A modem semiconductor device is component of approximately 20-30 pattern layers that collectively implement the intended functionality of the designer. In general, the designer describes the chip functionality with high level, behavior design languages like VHDL, and then a series of EDA tools translate the high-level description into a GDSII file. The GDSII file contains a geometrical description of polygons and other shapes that describe the patterns of the different layers. The GDSII file accompanied with process design rules for the fabrication process to be used to make the device describes the intended geometry on the layout with the relevant tolerances.

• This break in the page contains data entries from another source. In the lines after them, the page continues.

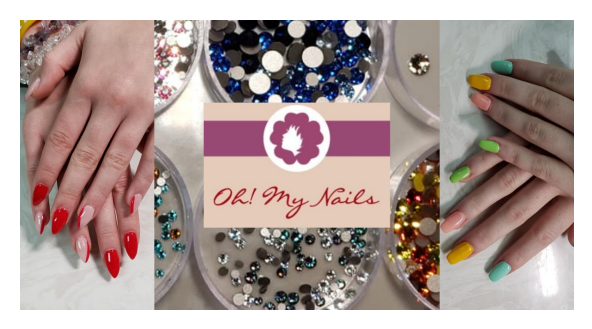
<u>Oh! My Nails</u> offers manicure and pedicure services. Book an appointment to visit them on McLeod Avenue for the ultimate pampering experience!

Visit the new <u>Broadway & Grand</u> location on St. Matthews Avenue. Place a take-out order to try their gourmet appetizers, sandwiches, or burgers. □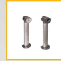
VARIO accessories Bracket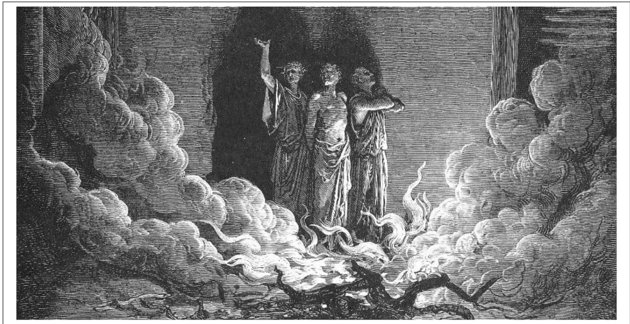
Shadrach, Meshach and Abednego in the Furnace, by Gustave Doré

I was Licensed to the ministry July 10, 1977, at Braeburn Valley Baptist Church in Houston, Texas.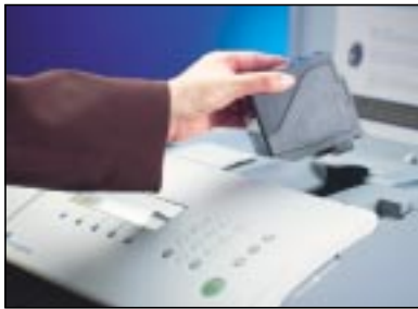
The Hewlett-Packard "Click n' Snap™" ink cartridge makes re-inking a snap, with no mess.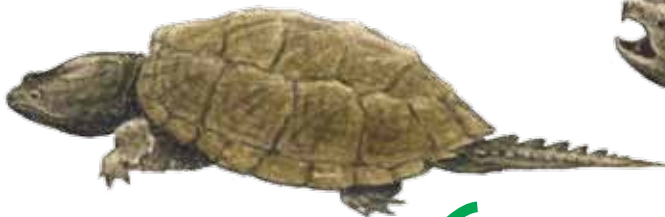
COMMON SNAPPING TURTLE Legal to take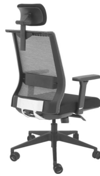
HU-X15 Headrest option available.

These Chairs Meet BIFMA Testing Standards.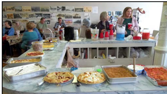
June Rhubarb Fest: The counter is full of rhubarb goodies to share.

*We sponsored free-swim Saturdays for the month of July at the Glasco swimming pool. The Glasco Recreation Board continued free-swim Saturdays for August.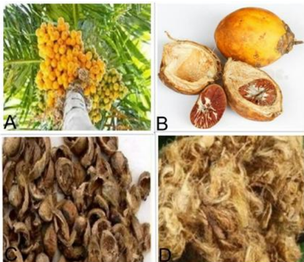
Figure 1: (A) Arecaplant (B) Arecafruit (C) Areca sheath (Dried) (D) Softened Areca sheath (before extraction)

The husk of Areca fruit constitutes about 60 - 80% of the total weight and volume of the Areca fruit and it is a hard - fibrous material. The Areca fibre is mainly cellulosic fibre and contains different proportions of hemicellulose (35 - 64.8%) and lignin (13.02 - 26.0%), pectin, and protopectin (1 - 3%) respectively. This highly cellulosic material is used as fuel in the Areca nut process. The average fibre length is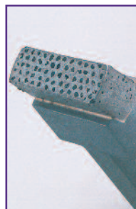
7/16 x 1-5/8" Impregnated Tip PDGX-11C, M or F or PDGS-11C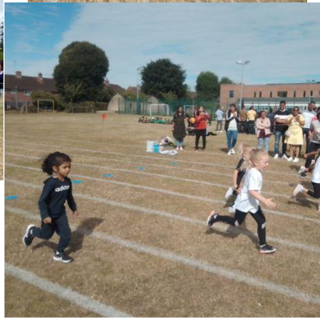
Nursery, Reception and Year 5 Sports Days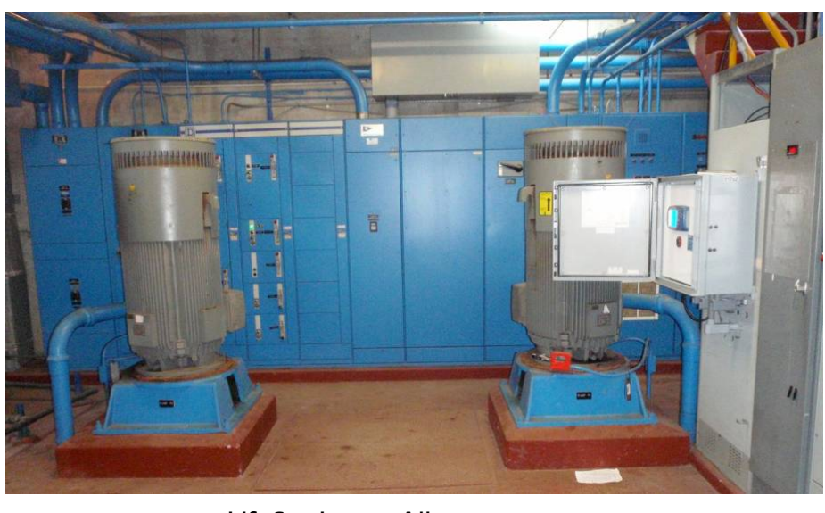
Lift Station at Aliamanu

An automatic lift station backup pump is a pump set-up on sonic transducers to automatically kick on if the lift stations go down. These units are critically silenced, continuously self priming, diesel driven pumps. The 12" x 10" HL250M CS Pump is capable of producing 5200 gpm and 380' of head! The 12" x 12" CD300M CS Pump is capable of producing 6000 gpm and 200' of head!

Modern photolithography presents several challenges, including those associated with moving from 90 nm to 45 nm and 32 nm while keeping the stepper wavelengths at 193 nm. This requires further transformation of the intended layout geometry to a post resolution enhancement technique (RET) version of the GDSII file. The new GDSII file includes pattern modifications for optical proximity corrections (OPC) and mask technology. The complex set of OPC corrections, mask-making and stepper conditions is required to print the intended geometry on the wafer.
In light of the above, semiconductor technologies have created a high demand for structuring and probing specimens within the nanometer scale. Micrometer and nanometer scale process control, inspection or structuring, is often done with charged particle beams. Probing or structuring is often performed with charged particle beams which are generated and focused in charged particle beam devices. Examples of charged particle beam devices are electron microscopes, electron beam pattern generators, ion microscopes as well as ion beam pattern generators. Charged particle beams, in particular electron beams, offer superior spatial resolution compared to photon beams, due to their short wavelengths at comparable particle energy.
For semiconductor manufacturing, throughput can be a significant limitation in tools for scanning a geometry in its entirety. Assuming a CD-SEM resolution of 1 nm, a 10 mm2 die contains 10E14 pixels. Accordingly, for covering the entire layout, a parallel architecture is desired.
Electron beam systems for multiple electron beams, which may be used for a fast wafer inspection, are generally realized by either an array of conventional single beam columns having a spacing in the range of a few centimeters or by a single column with an array of beams. In the latter case, the beam array has relatively small electron beam spacing in a range of 10 μm-100 μm. Thereby, a high number such as hundreds or even thousands of beams can be used. However, individual corrections of the beams are difficult.
In order to provide a tool that utilizes electron beam optics to scan the entire geometry of the chip layer within resolution and desired signal to noise ratio (SNR), which enables extraction and verification of the wafer pattern geometry against the design-intended GDSII file, i.e. the original GDSII file, improved and different system designs have to be considered.